* _ACTION ITEM_: Filter the entries beneath this task, copying only the lines that hold the word "room".

[Stored records]
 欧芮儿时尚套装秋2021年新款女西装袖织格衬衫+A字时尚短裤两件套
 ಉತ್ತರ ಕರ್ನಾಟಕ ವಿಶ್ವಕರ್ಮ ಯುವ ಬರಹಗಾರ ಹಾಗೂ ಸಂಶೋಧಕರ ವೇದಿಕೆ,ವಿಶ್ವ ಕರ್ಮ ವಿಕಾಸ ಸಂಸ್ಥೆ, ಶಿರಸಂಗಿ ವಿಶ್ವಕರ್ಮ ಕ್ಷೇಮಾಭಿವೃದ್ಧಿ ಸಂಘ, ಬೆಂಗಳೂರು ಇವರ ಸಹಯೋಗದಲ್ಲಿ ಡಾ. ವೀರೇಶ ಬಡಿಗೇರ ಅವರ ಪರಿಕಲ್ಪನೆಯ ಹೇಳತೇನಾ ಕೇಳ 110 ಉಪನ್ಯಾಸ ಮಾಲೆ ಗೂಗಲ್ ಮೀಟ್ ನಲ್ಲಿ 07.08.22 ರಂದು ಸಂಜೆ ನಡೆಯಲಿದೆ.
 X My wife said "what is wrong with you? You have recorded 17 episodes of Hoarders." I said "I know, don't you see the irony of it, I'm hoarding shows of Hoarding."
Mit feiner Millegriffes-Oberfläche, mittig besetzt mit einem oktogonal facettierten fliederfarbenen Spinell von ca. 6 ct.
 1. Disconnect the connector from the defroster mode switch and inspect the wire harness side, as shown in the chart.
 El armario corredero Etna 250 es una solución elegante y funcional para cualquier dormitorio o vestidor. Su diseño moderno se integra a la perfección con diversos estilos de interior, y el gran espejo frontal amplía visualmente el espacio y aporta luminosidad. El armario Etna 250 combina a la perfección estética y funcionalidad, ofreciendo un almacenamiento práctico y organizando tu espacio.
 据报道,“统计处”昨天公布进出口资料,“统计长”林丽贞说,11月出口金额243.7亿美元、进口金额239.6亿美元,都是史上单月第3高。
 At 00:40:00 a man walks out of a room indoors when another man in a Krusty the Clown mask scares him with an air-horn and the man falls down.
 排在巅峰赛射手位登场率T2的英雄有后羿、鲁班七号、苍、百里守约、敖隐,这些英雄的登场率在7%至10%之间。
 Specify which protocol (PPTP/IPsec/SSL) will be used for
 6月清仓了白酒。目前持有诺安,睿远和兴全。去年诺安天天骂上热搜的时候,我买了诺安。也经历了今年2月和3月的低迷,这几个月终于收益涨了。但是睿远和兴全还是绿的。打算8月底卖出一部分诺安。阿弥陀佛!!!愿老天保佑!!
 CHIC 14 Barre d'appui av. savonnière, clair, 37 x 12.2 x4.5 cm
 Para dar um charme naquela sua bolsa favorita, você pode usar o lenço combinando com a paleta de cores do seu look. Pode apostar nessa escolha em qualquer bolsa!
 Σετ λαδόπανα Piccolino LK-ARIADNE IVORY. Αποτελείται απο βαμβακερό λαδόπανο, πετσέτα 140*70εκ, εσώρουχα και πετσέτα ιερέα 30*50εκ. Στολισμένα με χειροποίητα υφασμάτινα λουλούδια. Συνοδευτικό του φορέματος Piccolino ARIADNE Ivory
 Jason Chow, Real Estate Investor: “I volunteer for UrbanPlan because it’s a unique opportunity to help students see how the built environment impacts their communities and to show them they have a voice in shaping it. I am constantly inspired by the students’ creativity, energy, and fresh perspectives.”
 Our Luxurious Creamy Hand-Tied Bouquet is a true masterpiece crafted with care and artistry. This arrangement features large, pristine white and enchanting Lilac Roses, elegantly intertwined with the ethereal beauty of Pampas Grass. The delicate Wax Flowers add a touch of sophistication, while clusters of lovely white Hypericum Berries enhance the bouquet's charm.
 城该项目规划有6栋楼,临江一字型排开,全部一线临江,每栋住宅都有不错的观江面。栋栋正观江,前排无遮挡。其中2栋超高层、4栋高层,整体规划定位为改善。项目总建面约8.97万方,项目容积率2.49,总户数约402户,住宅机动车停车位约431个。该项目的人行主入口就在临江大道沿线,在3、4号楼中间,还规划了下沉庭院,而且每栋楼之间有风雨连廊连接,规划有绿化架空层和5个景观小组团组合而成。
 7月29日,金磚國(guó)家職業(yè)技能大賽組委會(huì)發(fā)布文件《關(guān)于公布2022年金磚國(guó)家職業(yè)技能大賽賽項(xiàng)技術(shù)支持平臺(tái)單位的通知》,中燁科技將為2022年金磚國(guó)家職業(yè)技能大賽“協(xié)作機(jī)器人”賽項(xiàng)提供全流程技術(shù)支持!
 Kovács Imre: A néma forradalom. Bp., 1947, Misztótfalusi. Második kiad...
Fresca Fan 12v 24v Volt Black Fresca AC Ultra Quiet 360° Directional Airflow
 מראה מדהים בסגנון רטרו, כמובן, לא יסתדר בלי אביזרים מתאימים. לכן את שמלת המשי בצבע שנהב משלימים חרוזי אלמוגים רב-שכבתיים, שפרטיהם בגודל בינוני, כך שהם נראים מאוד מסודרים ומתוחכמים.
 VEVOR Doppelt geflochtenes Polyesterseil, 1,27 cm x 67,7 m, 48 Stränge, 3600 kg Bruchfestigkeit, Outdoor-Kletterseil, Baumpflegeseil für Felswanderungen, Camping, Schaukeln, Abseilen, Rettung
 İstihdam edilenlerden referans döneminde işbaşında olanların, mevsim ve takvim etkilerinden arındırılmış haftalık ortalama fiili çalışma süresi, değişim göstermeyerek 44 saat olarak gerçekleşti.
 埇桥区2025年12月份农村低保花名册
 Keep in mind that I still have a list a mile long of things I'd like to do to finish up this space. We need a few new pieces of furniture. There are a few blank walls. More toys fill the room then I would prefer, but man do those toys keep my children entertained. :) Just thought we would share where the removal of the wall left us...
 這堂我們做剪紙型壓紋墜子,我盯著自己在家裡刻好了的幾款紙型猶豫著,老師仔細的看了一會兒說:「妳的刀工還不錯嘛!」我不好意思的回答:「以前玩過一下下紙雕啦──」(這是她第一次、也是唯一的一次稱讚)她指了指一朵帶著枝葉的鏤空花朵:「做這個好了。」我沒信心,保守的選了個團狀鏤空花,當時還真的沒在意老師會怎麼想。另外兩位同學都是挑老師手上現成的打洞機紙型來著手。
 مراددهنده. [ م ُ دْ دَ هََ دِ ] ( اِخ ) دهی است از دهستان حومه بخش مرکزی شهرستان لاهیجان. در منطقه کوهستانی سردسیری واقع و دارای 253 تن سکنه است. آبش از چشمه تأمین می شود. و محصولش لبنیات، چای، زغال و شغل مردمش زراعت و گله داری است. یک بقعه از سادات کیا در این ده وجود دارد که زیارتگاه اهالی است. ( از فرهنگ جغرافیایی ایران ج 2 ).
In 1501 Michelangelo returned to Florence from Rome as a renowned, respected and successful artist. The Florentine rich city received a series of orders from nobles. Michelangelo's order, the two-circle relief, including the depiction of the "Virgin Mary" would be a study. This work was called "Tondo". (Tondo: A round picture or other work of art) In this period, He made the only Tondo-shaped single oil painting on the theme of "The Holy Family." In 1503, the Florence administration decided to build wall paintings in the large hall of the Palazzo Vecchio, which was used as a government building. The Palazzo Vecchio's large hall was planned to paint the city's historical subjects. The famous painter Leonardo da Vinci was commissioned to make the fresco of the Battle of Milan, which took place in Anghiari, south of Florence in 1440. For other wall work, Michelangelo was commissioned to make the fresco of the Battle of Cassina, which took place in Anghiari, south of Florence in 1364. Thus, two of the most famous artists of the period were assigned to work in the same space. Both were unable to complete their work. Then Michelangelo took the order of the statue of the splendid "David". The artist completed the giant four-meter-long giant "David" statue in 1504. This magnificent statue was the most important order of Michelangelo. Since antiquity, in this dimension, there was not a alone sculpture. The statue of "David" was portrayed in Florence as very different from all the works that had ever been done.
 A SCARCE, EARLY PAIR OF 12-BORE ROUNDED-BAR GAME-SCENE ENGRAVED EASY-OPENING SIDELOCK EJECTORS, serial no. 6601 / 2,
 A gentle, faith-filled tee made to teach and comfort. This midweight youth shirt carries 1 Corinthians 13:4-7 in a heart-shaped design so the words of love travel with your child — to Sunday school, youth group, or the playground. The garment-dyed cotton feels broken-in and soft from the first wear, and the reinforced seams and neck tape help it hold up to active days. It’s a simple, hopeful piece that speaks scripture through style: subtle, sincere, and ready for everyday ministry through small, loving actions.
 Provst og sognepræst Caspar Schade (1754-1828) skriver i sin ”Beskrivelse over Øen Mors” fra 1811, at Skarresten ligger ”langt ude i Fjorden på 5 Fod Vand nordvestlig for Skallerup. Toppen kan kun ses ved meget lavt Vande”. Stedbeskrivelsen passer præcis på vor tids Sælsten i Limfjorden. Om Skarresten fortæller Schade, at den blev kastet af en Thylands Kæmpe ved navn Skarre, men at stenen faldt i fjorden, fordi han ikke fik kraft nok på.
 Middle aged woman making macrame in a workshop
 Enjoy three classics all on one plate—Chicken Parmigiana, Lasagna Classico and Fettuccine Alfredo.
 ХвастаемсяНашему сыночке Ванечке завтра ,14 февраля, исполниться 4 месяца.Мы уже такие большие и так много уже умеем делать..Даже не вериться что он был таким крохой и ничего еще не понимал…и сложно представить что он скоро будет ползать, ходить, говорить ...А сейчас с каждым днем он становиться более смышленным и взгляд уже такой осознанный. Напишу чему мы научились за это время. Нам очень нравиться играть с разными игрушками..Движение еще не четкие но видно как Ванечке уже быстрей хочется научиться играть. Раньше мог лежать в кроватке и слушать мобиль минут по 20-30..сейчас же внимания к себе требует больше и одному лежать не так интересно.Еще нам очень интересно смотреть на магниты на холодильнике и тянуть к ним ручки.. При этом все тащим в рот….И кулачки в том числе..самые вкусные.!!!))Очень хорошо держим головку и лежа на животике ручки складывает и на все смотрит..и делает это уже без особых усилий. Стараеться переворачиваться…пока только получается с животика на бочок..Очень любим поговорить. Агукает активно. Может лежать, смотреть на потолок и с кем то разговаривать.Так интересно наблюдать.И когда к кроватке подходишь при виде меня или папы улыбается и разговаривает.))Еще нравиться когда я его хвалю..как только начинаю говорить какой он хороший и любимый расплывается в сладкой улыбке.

* _EXERCISE OUTPUT_:
 At 00:40:00 a man walks out of a room indoors when another man in a Krusty the Clown mask scares him with an air-horn and the man falls down.
 Keep in mind that I still have a list a mile long of things I'd like to do to finish up this space. We need a few new pieces of furniture. There are a few blank walls. More toys fill the room then I would prefer, but man do those toys keep my children entertained. :) Just thought we would share where the removal of the wall left us...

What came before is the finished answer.